Pablo Haya Coll
Researcher at the Computer Linguistics Laboratory of the Autonomous University of Madrid (UAM) and director of Business & Language Analytics (BLA) of the Institute of Knowledge Engineering (IIC)
The article presents the results of an experiment in which fine-tuning is applied to large language models (LLMs) for very specific tasks, resulting in surprisingly broad model misalignments in some cases. Seemingly narrow interventions, such as training a model to generate insecure code, can trigger more far-reaching problematic behaviours that are not directly related to the original task. This phenomenon, termed “emergent misalignment” by the authors, encompasses extreme responses, malicious recommendations, and deceptive behaviour, and has been observed in state-of-the-art models such as GPT-4o and Qwen2.5-Coder in up to half of the cases analysed.

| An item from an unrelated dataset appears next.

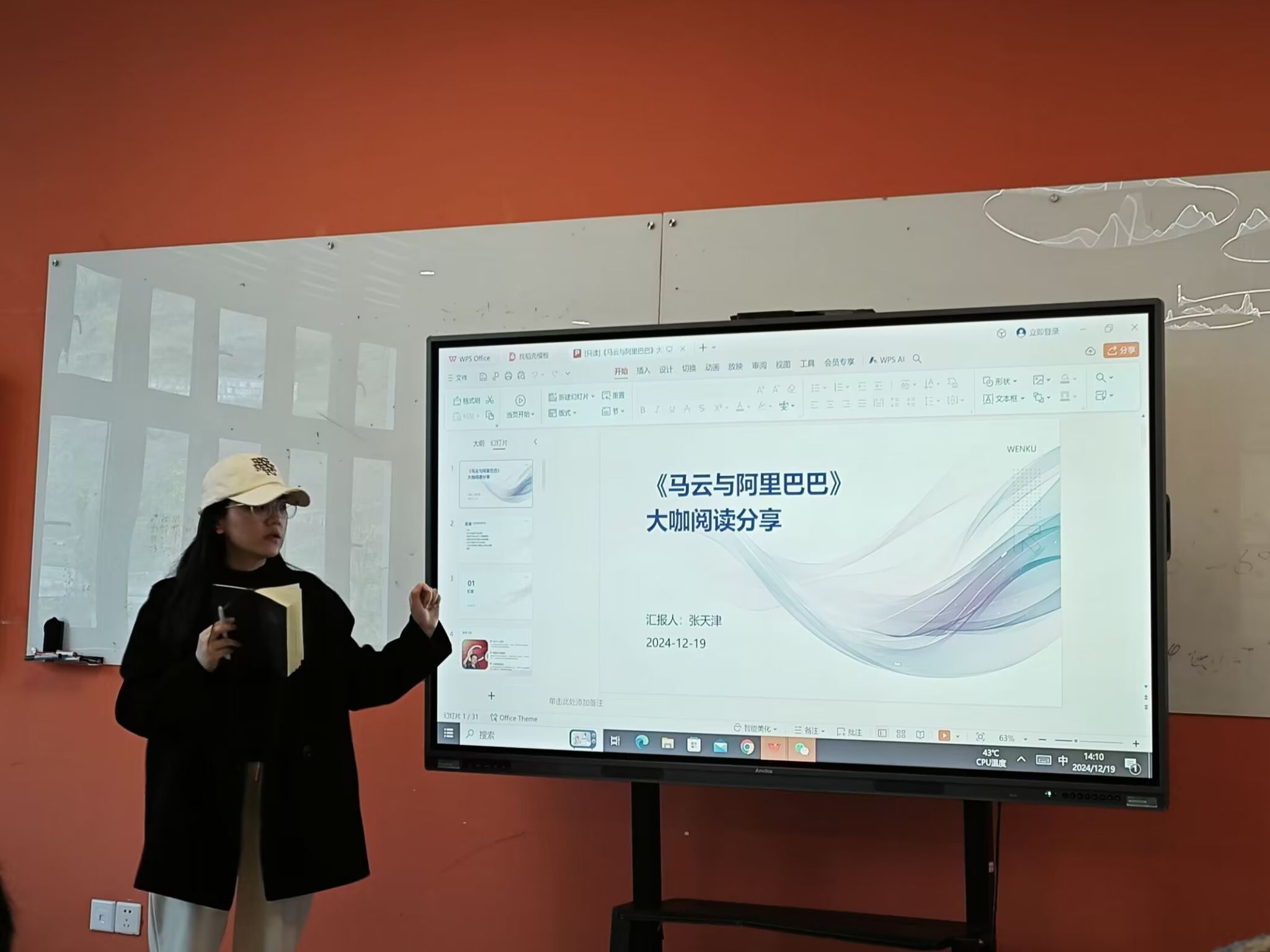 活动开始,张天津同学对《马云与阿里巴巴》进行分享。在全球商业的浩瀚星空中,有一颗璀璨夺目的巨星——阿里巴巴,而其背后的传奇缔造者马云,更是一位备受瞩目的商业巨擘。从一间不起眼的办公室起步,到打造出一个改变世界贸易格局的电商帝国,马云与阿里巴巴的故事,充满了创新、挑战与突破。也让大家对创业的历程有了新的认知。

The authors argue that “emergent misalignment” could be a phenomenon intrinsic to the internal structure of LLMs themselves. The reason is that different harmful behaviours appear to rely on shared representations and mechanisms, which can be activated by very specific and, at first glance, innocuous fine-tuning adjustments. The evidence also indicates that this effect is generalised across different models, sizes, and training paradigms. These findings are consistent with previous research showing that LLMs trained with malicious or incorrect examples in very specific domains can exhibit undesirable behaviours outside that context. In particular, they are related to the well-known “Waluigi effect”, a phenomenon whereby language models end up exhibiting behaviours opposite to those intended during training, resulting in unexpected, incoherent or even hostile responses.

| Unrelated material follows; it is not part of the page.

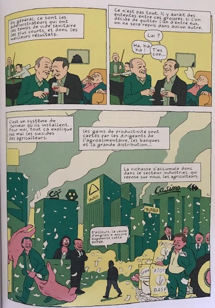 Cette obstination dans le déni, les conflits d’intérêts de certains politiques et industriels, les positions ambiguës des syndicats agricoles, le cynisme des banques, cette difficulté à mettre au jour la vérité et l’évidence … tout cela fait monter au fil des pages un sentiment de révolte, d’écœurement et d’animosité viscérale envers cette classe politique qui fait toujours semblant de faire les choses, mais qui finalement continue de cirer les pompes des grands industriels et des banques.

In this context, AI security is becoming one of the most critical areas for providers and manufacturers of artificial intelligence systems, who must design robust methodologies capable of anticipating and mitigating this type of behaviour before the models are deployed in real environments. At the same time, these results highlight that this is still an open line of research, with numerous questions about the underlying mechanisms that give rise to these misalignments and how to address them systematically and reliably.